Managing Conflict in Virtual Teams

Instructor: Laura Gray

Laura has taught at the secondary and tertiary levels for 20+ years and has a Ph.D. in Instructional Design for Online Learning.

In this lesson, we will explore several key ways that one can manage conflict when working with virtual teams. In addition, we will discuss the two major types of conflict that arise in virtual work situations.

Conflict is Inevitable

No matter what type of work you do, whether it's in an eighty-story office building on Madison Avenue or at a small laptop computer at your dining room table, you will most assuredly encounter some type of conflict at one point or another. That's a fact. Even if you are a step or two removed from the conflict - in other words, if you are the virtual supervisor or the virtual boss, the person who oversees those who work at their laptop computers at the dining room tables, you will be called upon to manage or even to prevent these conflicts as they arise.

There are generally two types of conflicts that arise in a virtual working situation: task-related conflict, which deals with how to do things and the structure of how virtual teams go about their day-to-day business when working on a project, and interpersonal conflict, which, of course, is much more emotion-driven and can be more of a problem because it can ultimately lead to two workers avoiding each other. Avoidance is something that happens, even in virtual environments, so dealing with conflict is just as important in a virtual environment as it is in a face-to-face environment. As you might guess, the latter of these two types of conflict is much more difficult to deal with and to resolve.

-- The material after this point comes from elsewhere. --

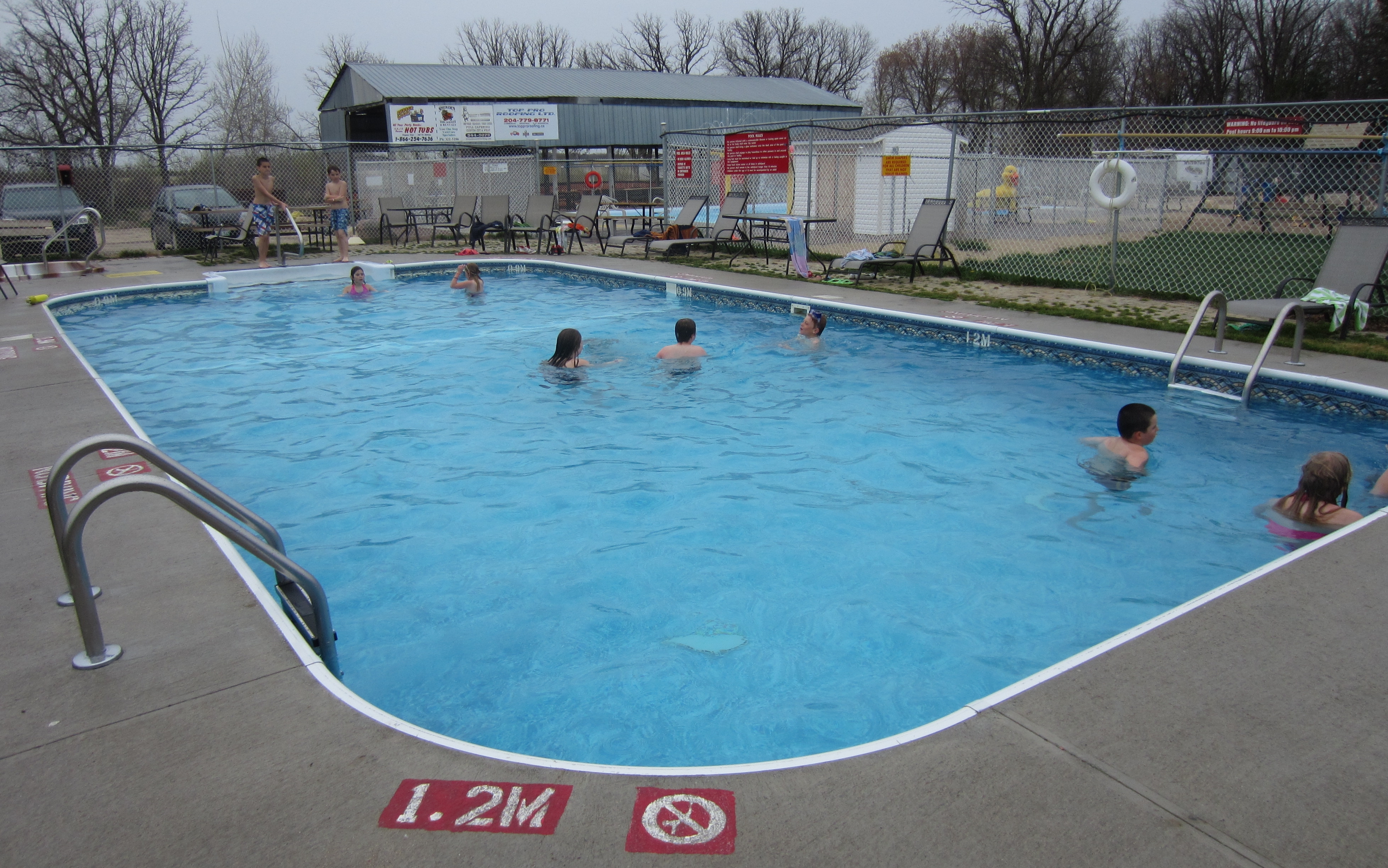 This pool won’t be heated for a couple weeks, so it is only about 65F. This was the “I dare you” pool. But as you can see some of the made it in. A brave few even made it down the Ducky slide.

I'll offer a couple of examples here, just so you have an idea. A task-related conflict would be something where two virtual workers don't agree on the placement of the company logo or brand on a virtual artifact they've developed for a project. This has to do with a task rather than with a personal conflict or personality clash between the two workers. They simply disagree on this one work-related thing. Outside of work, they are perfectly okay with each other. Make sense?

On the other hand, an example of an interpersonal conflict would be where these same two co-workers were fighting because one of them told several co-workers that the other had a love interest on the team, and this other person did not want others knowing about it. This kind of conflict is not task-related because it has nothing to do with the work being produced, and outside of work, people on the team are 'not' okay with each other. Of course, this type of conflict can be extremely difficult to deal with.

Conflict can arise in virtual work environments

Dealing with Conflict is Essential

Now that we have established that interpersonal conflict will happen from time to time, no matter how happy and well adjusted your virtual workers are, let's talk about some best practices for dealing with conflict.

Careful Team Building

First, put your virtual teams together as carefully as you would a team that is working together face-to-face. Believe it or not, this is really important! Just because your team members may not be working together in the same office or in the same building, their areas of expertise, as well as those things about the project about which they may feel proprietary, 'will' reveal themselves. In other words, regardless of where they are located, their personalities will shine through, even though communication between one another may be asynchronous (not in real time).